### Task objective
One range is to be output from the listing below, exactly as written: the line with "Stambena površina od" to the line with "2016-2017学年第二学期新乡市卫滨区五年级语文试卷(北师版)【7】", both kept.

### Data provided
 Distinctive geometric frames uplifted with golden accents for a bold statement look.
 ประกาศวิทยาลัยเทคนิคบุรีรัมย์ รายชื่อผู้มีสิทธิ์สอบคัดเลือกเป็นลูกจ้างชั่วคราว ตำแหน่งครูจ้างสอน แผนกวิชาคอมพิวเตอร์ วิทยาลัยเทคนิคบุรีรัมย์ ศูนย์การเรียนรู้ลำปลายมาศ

--

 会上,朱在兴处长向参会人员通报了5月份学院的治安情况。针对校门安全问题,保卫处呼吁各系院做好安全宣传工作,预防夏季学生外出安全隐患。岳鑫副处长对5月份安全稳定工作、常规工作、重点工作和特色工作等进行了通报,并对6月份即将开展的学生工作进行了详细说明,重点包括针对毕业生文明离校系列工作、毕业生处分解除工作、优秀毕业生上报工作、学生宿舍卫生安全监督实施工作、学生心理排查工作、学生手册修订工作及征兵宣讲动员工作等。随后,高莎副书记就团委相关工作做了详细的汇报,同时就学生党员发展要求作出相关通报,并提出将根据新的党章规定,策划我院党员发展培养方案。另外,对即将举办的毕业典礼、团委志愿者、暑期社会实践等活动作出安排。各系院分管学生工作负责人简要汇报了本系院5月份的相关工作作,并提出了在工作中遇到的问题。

* * *

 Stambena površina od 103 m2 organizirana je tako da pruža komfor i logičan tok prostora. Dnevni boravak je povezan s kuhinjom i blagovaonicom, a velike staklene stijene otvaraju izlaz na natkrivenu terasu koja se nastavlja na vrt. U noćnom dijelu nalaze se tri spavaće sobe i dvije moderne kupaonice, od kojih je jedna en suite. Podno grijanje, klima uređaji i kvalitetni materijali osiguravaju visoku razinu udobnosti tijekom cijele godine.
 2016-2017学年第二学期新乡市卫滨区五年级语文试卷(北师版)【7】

### Reply to the task
 Stambena površina od 103 m2 organizirana je tako da pruža komfor i logičan tok prostora. Dnevni boravak je povezan s kuhinjom i blagovaonicom, a velike staklene stijene otvaraju izlaz na natkrivenu terasu koja se nastavlja na vrt. U noćnom dijelu nalaze se tri spavaće sobe i dvije moderne kupaonice, od kojih je jedna en suite. Podno grijanje, klima uređaji i kvalitetni materijali osiguravaju visoku razinu udobnosti tijekom cijele godine.
 2016-2017学年第二学期新乡市卫滨区五年级语文试卷(北师版)【7】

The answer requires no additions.